■ **Input**:
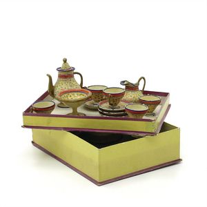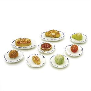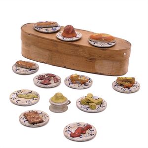Schaugerichte, ungemarkt, Deutschland, Thüringen, 1890 – 1900, Maße: 25 x 60 x 40 mm, Biskuitporzellan, guter Allgemeinzustand, Bemalungen zum Teil stark berieben, 1 Platte und 1 Teller mit Randabbrüchen (Teller geklebt)
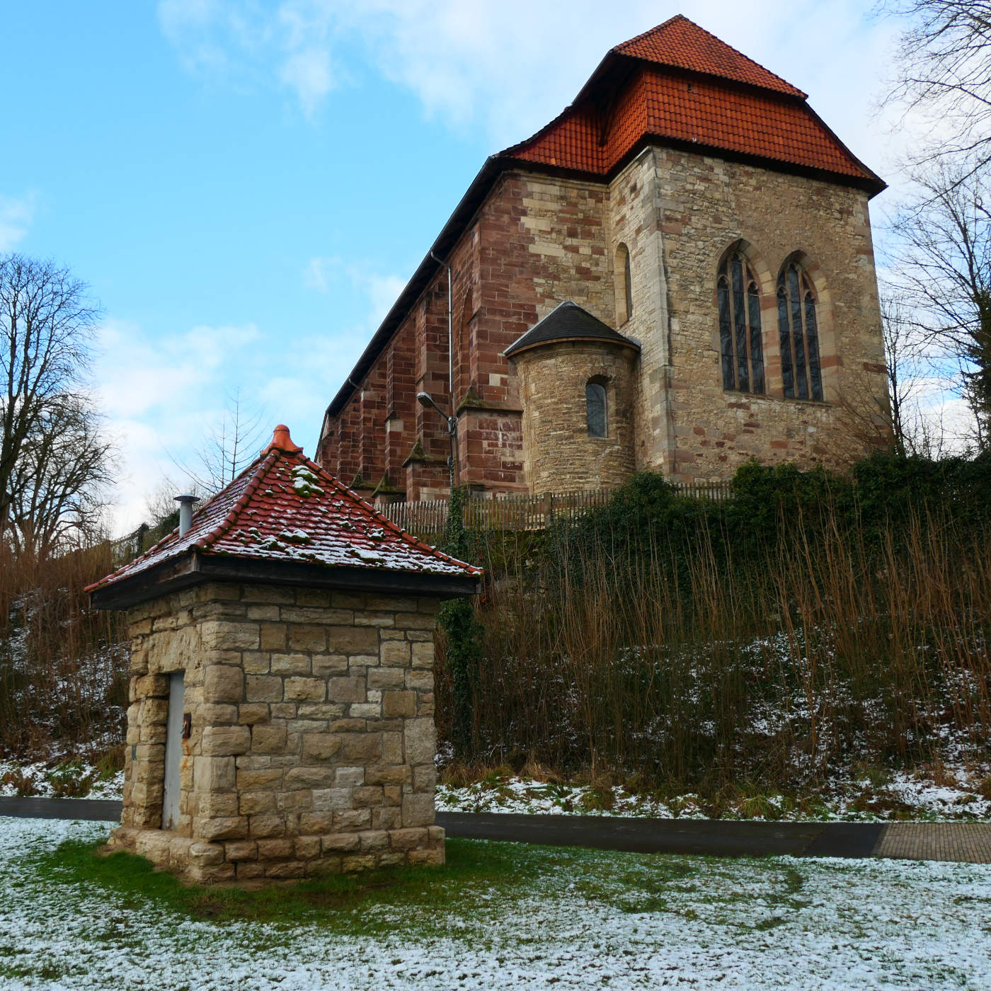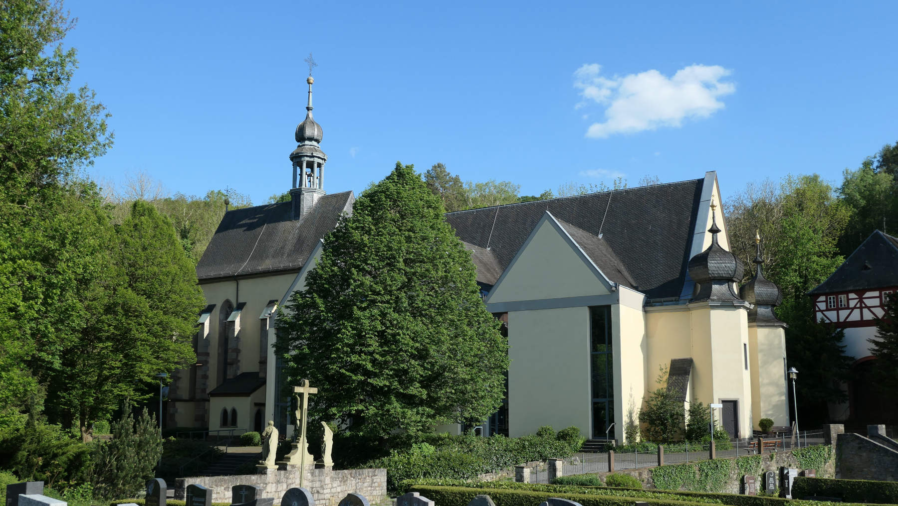 Marienbrünnchen (eller Marienbrünnlein), vars källvatten sägs ha helande egenskaper, ligger intill pilgrimskyrkan Maria im Grünen Tal. Mer information på bistum-wuerzburg.de (på tyska). Kneipp-anläggningen och hälsoträdgården inbjuder dig också att dröja kvar.
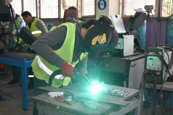 Kaynakçılık kursuna katılan ve eğitimi süren Buğra Taşke (25) de "4 haftadır kurstayım. 2 haftalık sürem kaldı. Kaynakçılık işini küçüklüğümden beri seviyorum. Erişim demirin kokusu parfümden güzel geliyor. Mesleğim olmadığı için bu sevdiğim işi tercih ettim. Bu kurs iş garantili olduğu için kursu tamamlayıp sınavları geçince bir kurumda görevime başlayacağım" diye konuştu. (DHA)
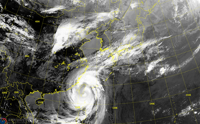 위성영상을 보면 태풍이 동반한 거대한 소용돌이 구름을 확인할 수 있습니다.
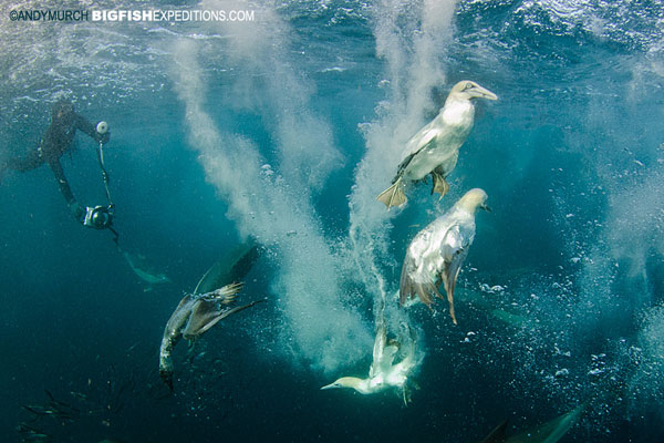 When we approached, the sky was filled with gannets raining down on one boiling patch of ocean. We tumbled in immediately. Looking down through clear blue water, all I could see were sharks! A pack of bronze whalers smashed through the bait ball while gannets continued to drop out of the sky all around them. It was a sight to behold.
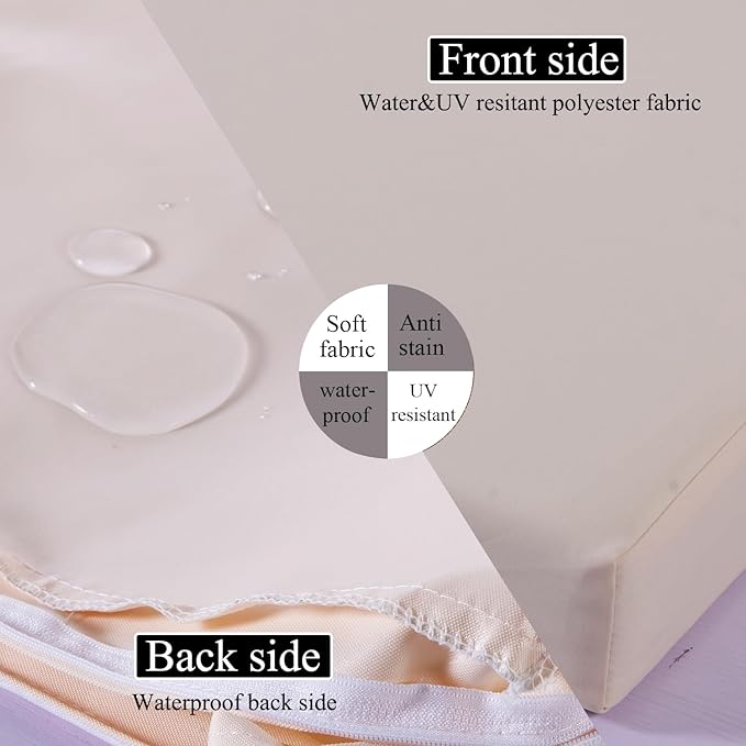 17 x 17 Inch Outdoor Seat Cushions for Patio Furniture with Non Slip and Ties Waterproof & UV Resistant Round Corner Outdoor Chair Cushions Replacement Set of 2, Beige
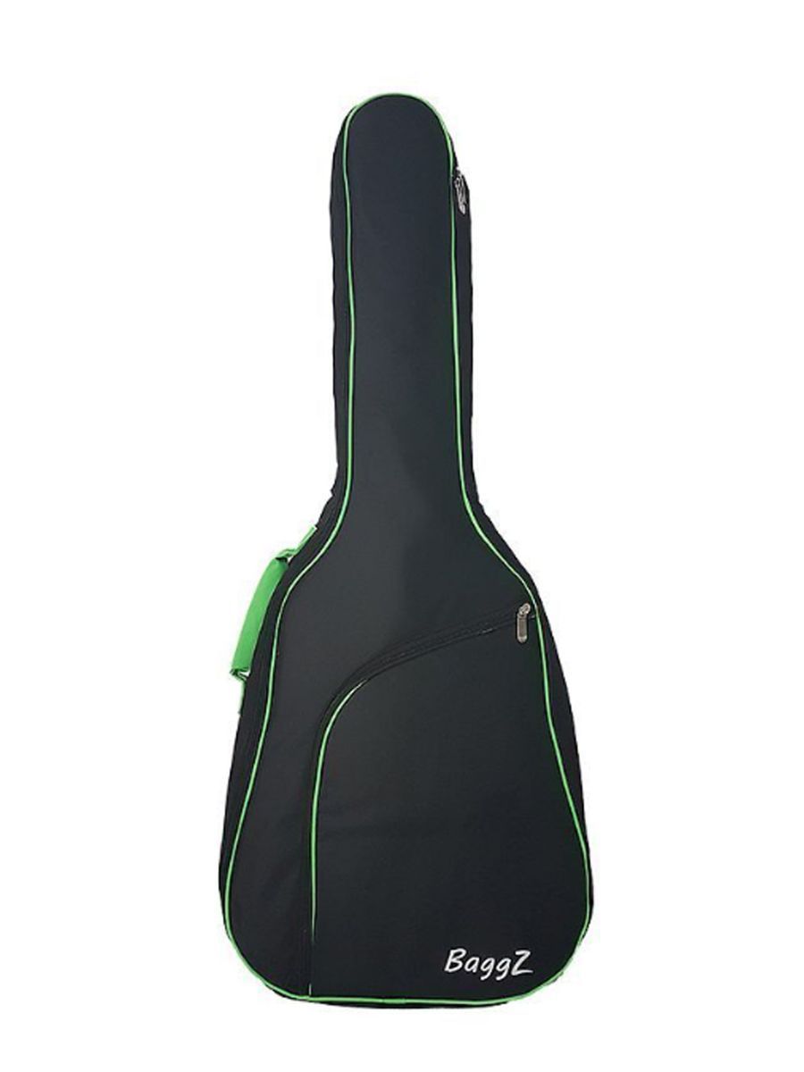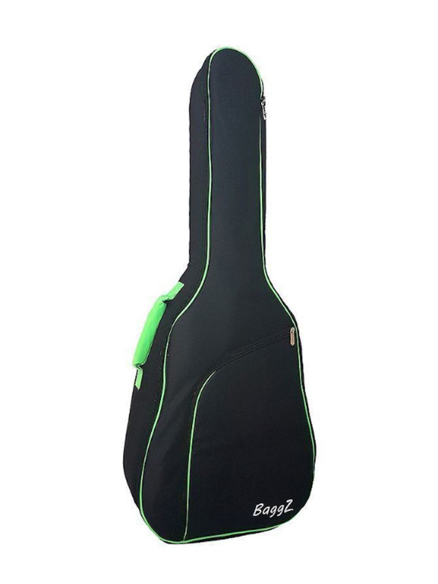 BaggZ AB-41-7GR Чехол для акустической гитары, 41", защитное уплотнение 10мм 600D, цвет черный, зеленая окантовка
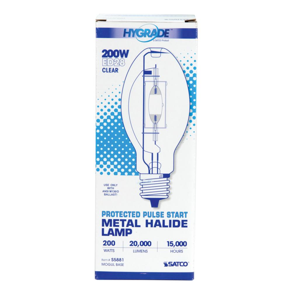 200 Watt; Metal Halide HID; Mogul extended base; ED28; Clear; 65 CRI; 4200K
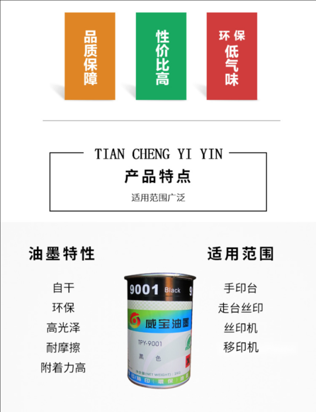 环保丝印移印金属玻璃通用油墨 免处理PP ABS PS塑胶皮革油墨调色

■ **Problem description**: Give back the exact lines above, running from the one that has "Kaynakçılık kursuna katılan" through the one that has "위성영상을 보면 태풍이 동반한 거대한 소용돌이 구름을 확인할 수 있습니다.", with nothing added and no pictures.

■ **Output of the task**:
 Kaynakçılık kursuna katılan ve eğitimi süren Buğra Taşke (25) de "4 haftadır kurstayım. 2 haftalık sürem kaldı. Kaynakçılık işini küçüklüğümden beri seviyorum. Erişim demirin kokusu parfümden güzel geliyor. Mesleğim olmadığı için bu sevdiğim işi tercih ettim. Bu kurs iş garantili olduğu için kursu tamamlayıp sınavları geçince bir kurumda görevime başlayacağım" diye konuştu. (DHA)
 위성영상을 보면 태풍이 동반한 거대한 소용돌이 구름을 확인할 수 있습니다.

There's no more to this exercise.